Миссис Скаттергуд обнаружила преподобного в гостиной: супруг склонялся над виолончелью, смычок на мгновение застыл в воздухе, а сам он, щурясь сквозь очки, вглядывался в стоящие на маленьком пюпитре ноты. Брови его сошлись, губы слегка шевелились: в нарастающей панике он изучал рой нот, густо облепивших нотный стан.

Он уже собирался начать все сначала, уже изготовился вновь провести смычком по струнам – ни дать ни взять пильщик от музыки! – атаковать пальцами особенно головоломный этюд, испытывая на деле свое мастерство, – как вдруг заприметил в дверях свою рыжеволосую половину. Сей же миг мистер Скаттергуд выбросил из головы и «пиление», и атаки, да и про виолончель временно позабыл, дабы сосредоточить весь оркестр своего внимания на Дине.

– Да, любовь моя? – проговорил он, возможно, несколько нерешительно, ибо в лице миссис Скаттергуд читалось нечто, предвещавшее строгий допрос. – Прости, я, как видишь, со смычком упражняюсь. Вот тут у меня Равиола – пожалуй, за ноты труднее я еще и не брался. Трудная штучка, что и говорить, тем более для музыканта с моими-то скромными способностями.

– Тебе известно что-нибудь про пожилого джентльмена с супругой, которых видели у Далройдской пристани? – осведомилась Дина с места в карьер.

– Что еще за пожилой джентльмен, любовь моя? И что еще за супруга?

Засим достойная дама сочла необходимым пересказать мужу все то, что узнала в вафельной мисс Кримп. Оценить реакцию викария оказалось непросто; впрочем, он явно со всей серьезностью обдумывал услышанное, медленно и равномерно потирая подбородок рукою со смычком.

– Ну? – сказала наконец Дина.

– Похоже, и впрямь совпадение, – ответствовал ее супруг. – Но, должен признать, про оба этих эпизода мне ровным счетом ничего не ведомо.

– Я так и думала.

– Любовь моя?

– Что ты знаешь про мистера Марчанта?

– Да совсем мало. О, конечно же, на кладбище есть надгробные плиты – там и самого мистера Марчанта имя значится, и его жены Элизабет. Он здесь жил за несколько викариев до меня, видишь ли.

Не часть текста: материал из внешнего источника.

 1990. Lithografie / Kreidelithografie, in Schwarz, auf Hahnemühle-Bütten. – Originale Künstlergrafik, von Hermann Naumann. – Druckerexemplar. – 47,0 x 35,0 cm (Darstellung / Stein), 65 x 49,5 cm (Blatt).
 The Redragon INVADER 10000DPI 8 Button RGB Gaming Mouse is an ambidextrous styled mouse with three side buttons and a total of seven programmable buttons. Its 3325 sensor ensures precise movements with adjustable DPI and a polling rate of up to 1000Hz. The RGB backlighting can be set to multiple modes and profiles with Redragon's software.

Наверняка в архивах церковных старост найдутся какие-либо сведения. И, конечно же, есть наш мистер Боттом – он ведь и на мистера Марчанта работал.

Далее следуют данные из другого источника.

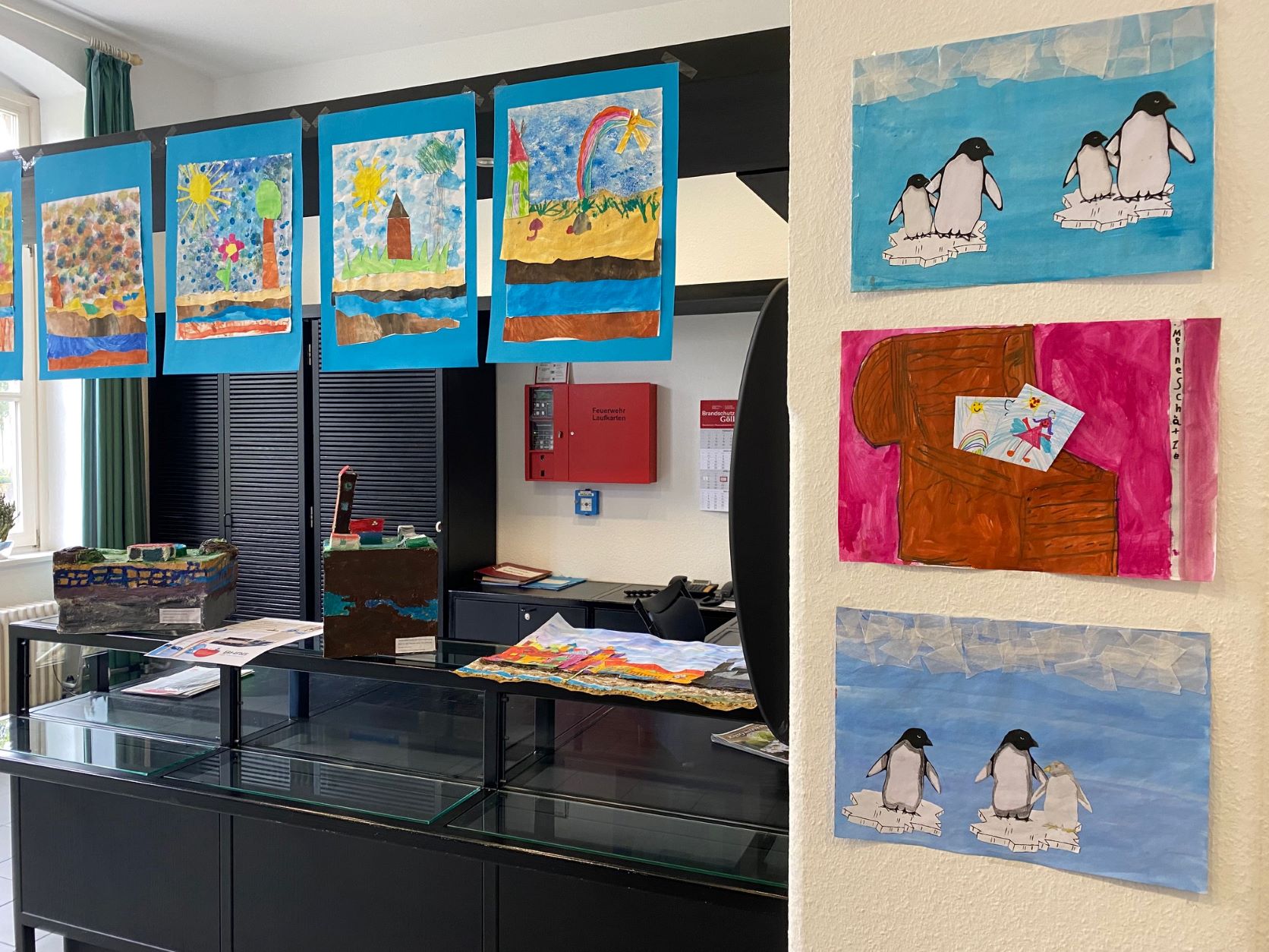 (Hinten) Ein Beitrag der 3. Klassen der Löwenburgschule in Bad Honnef: Pinguine, die Angst haben, dass das Eis schmilzt.

– Твой мистер Боттом, – раздраженно оборвала его жена, – пропащий пьяница, который видит и слышит то, чего на самом деле нет, и знает такое, чего на свете отродясь не бывало. Я бы половине его россказней не поверила, даже если бы то же самое видела и слышала своими глазами и ушами. Твой мистер Боттом скорее вообразит себе невесть что на дне стакана, нежели скажет правду.

– Любовь моя, право же, немилосердно так говорить. Вспомни, что мистер Боттом жил и благоденствовал в сей деревне вот уже много лет, причем задолго до того, как мы сюда перебрались – задолго до того, как оба мы родились, если на то пошло, – и приобрел немало познаний в самых разных областях. Мне рассказывают, он служит приходу с самой ранней юности, и на память его вполне можно положиться, невзирая на отдельные мелкие упущения.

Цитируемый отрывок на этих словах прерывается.